EXERCISE DIRECTIONS:
Leave out all pictures and retype exactly the lines from the one with "2011年開業(yè)的所有門店歷年經(jīng)營情況表——" through the last line of the material.

DATASET EXCERPT:
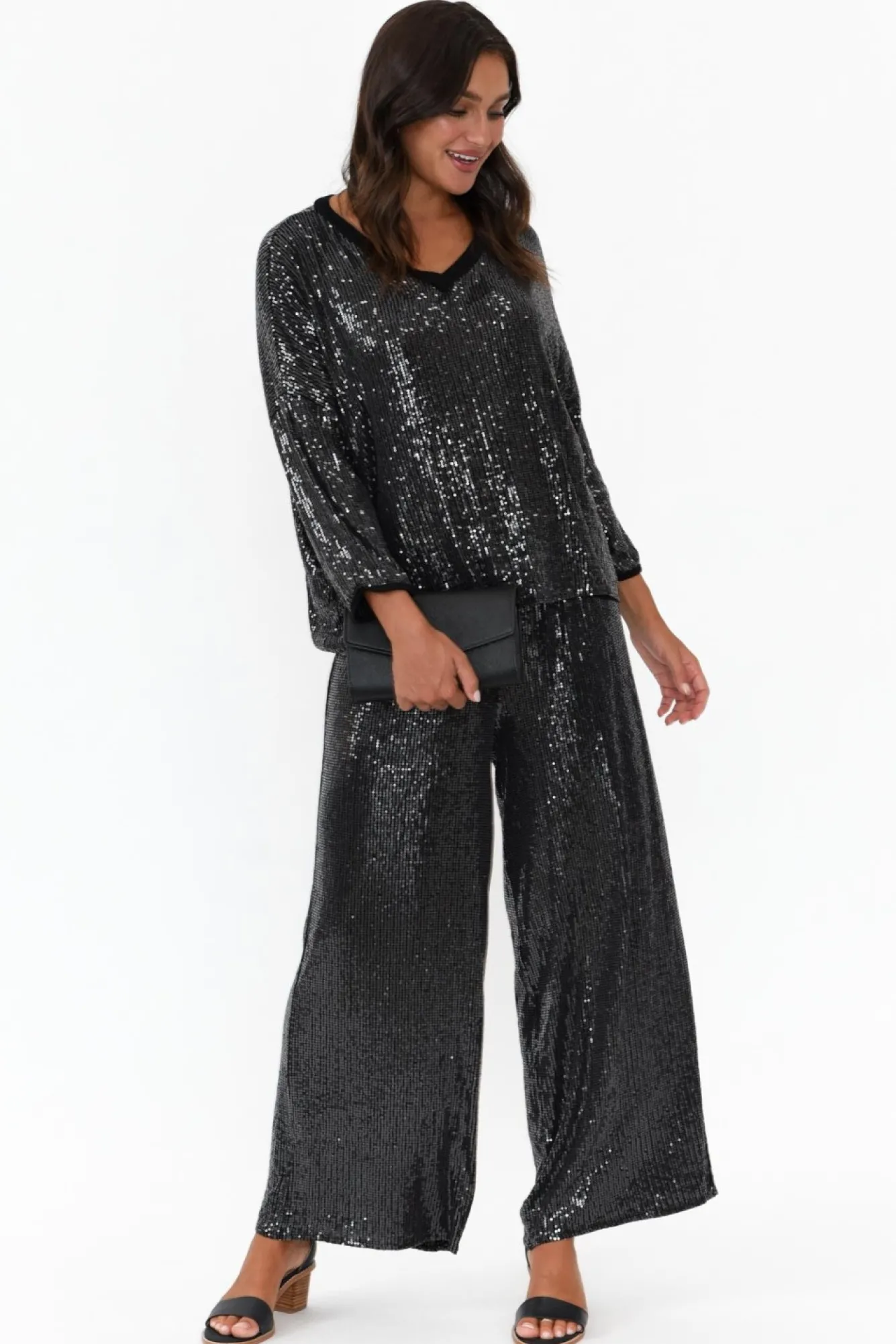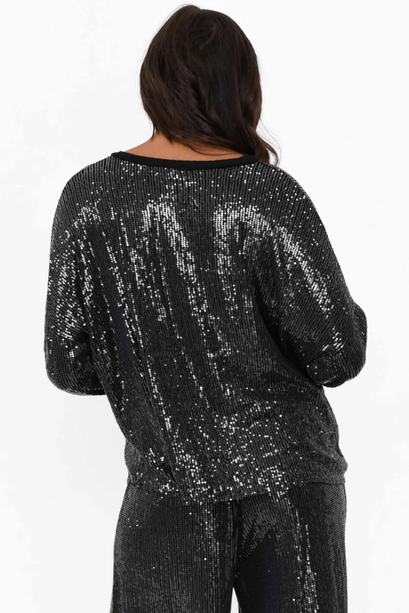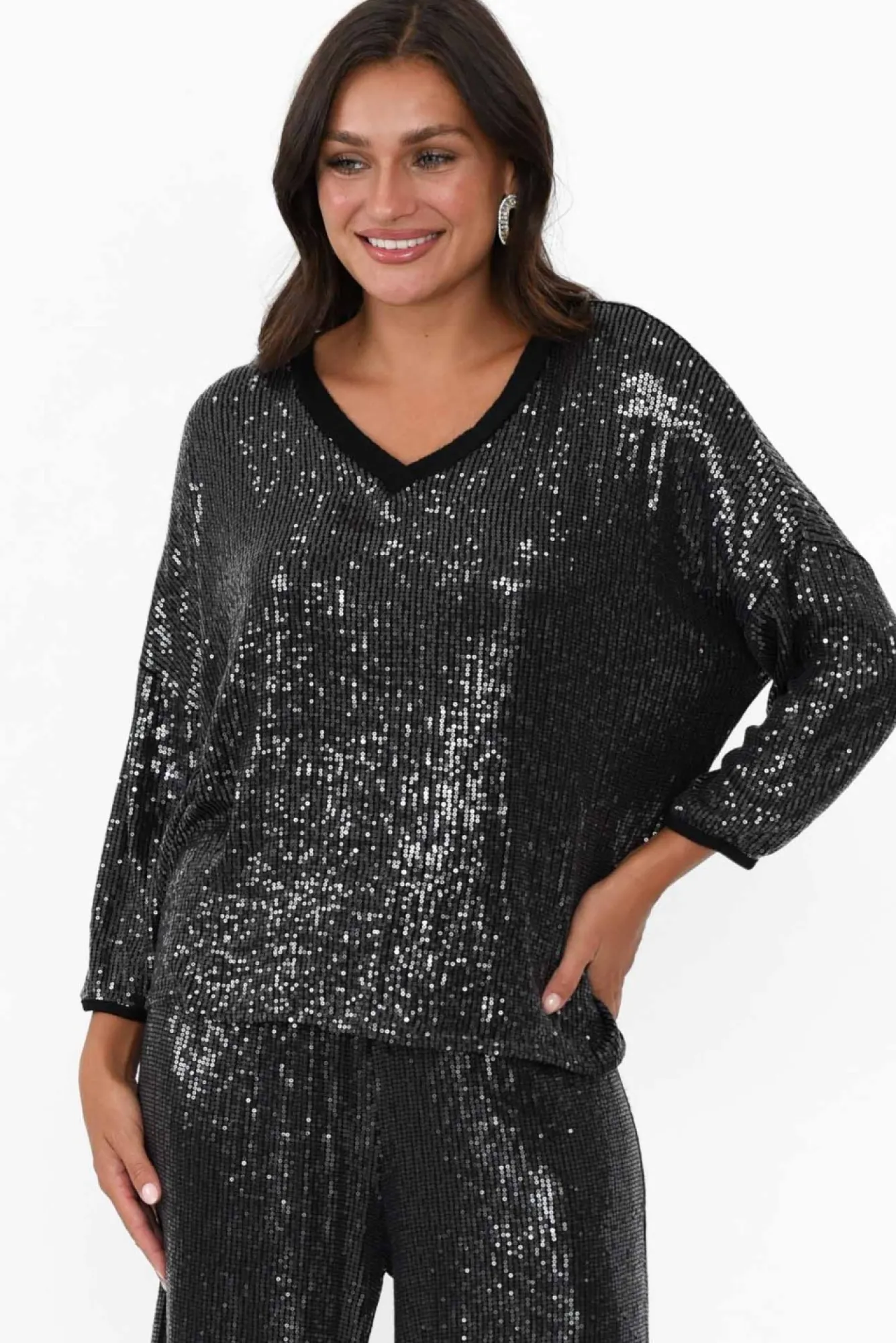 Be the first to review “Sleeved Tops<La Strada Braxton Black Sequin V Neck Top” Cancel reply
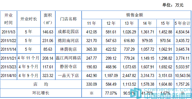 2011年開業(yè)的所有門店歷年經(jīng)營情況表——
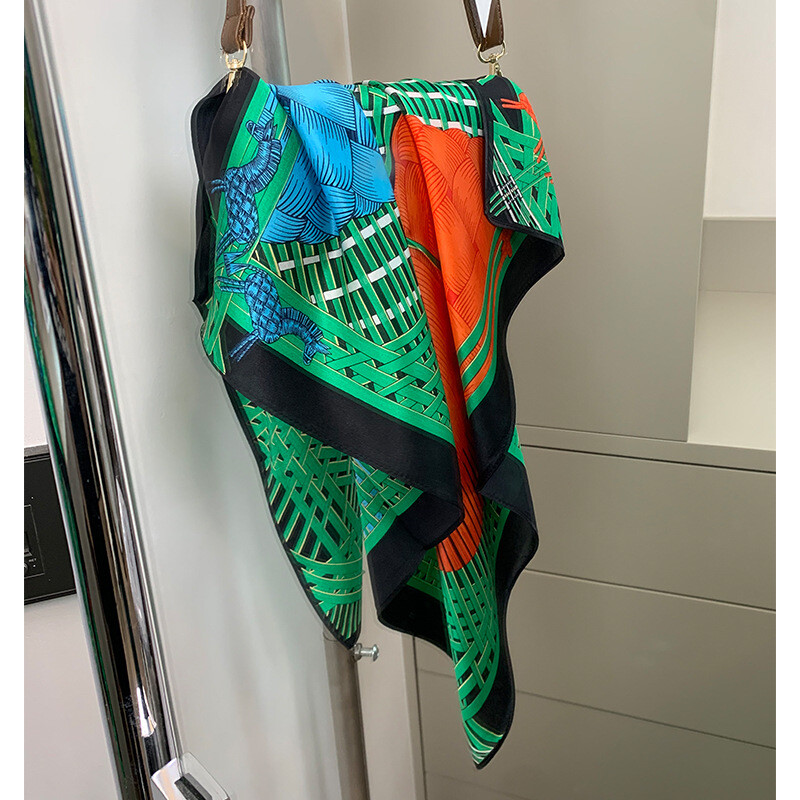 $ 20.9100% Silk Green Mace Print Scarf Double-Layer Ribbon 150X15cm Luxury Boutique
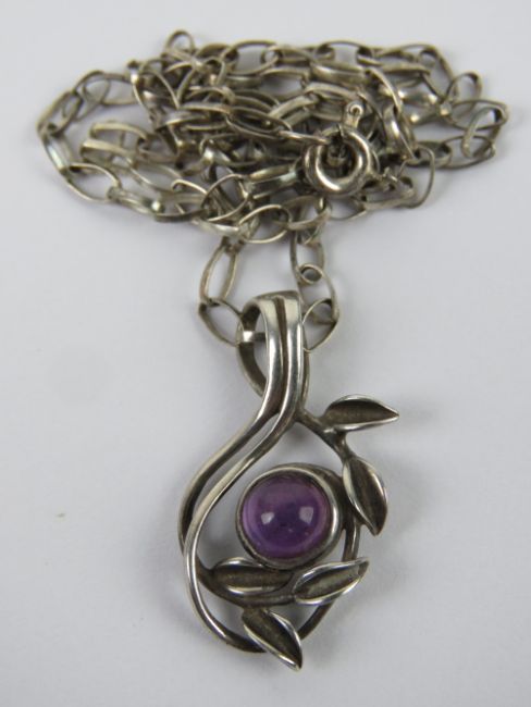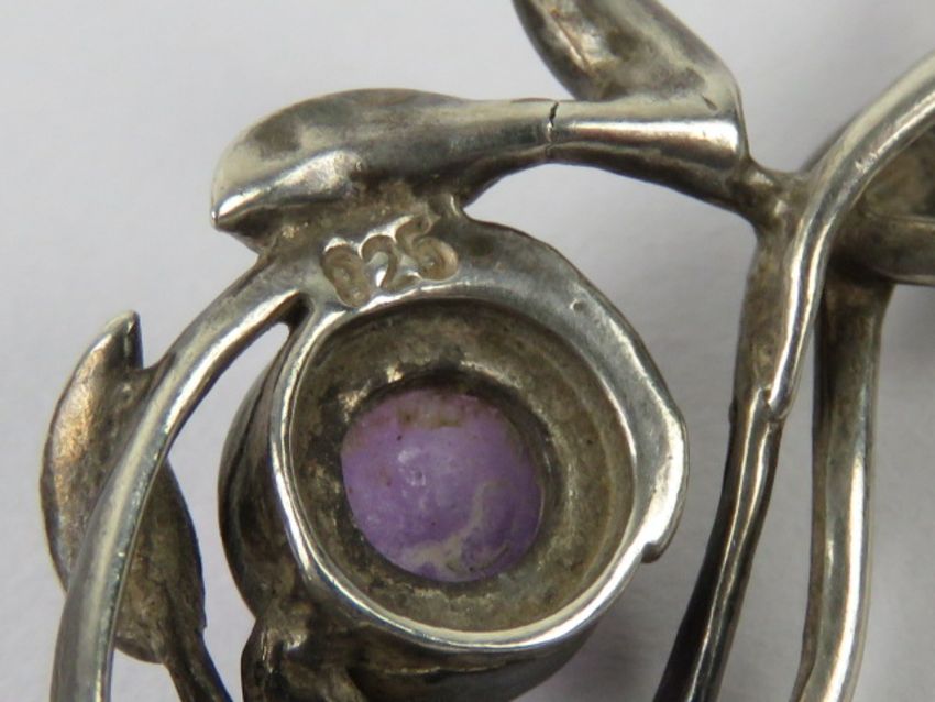 An amethyst and silver pendant of floral form, stamped 925 and measuring 2.7cm in length, on silver chain.

EXERCISE ANSWER:
 2011年開業(yè)的所有門店歷年經(jīng)營情況表——
 $ 20.9100% Silk Green Mace Print Scarf Double-Layer Ribbon 150X15cm Luxury Boutique
 An amethyst and silver pendant of floral form, stamped 925 and measuring 2.7cm in length, on silver chain.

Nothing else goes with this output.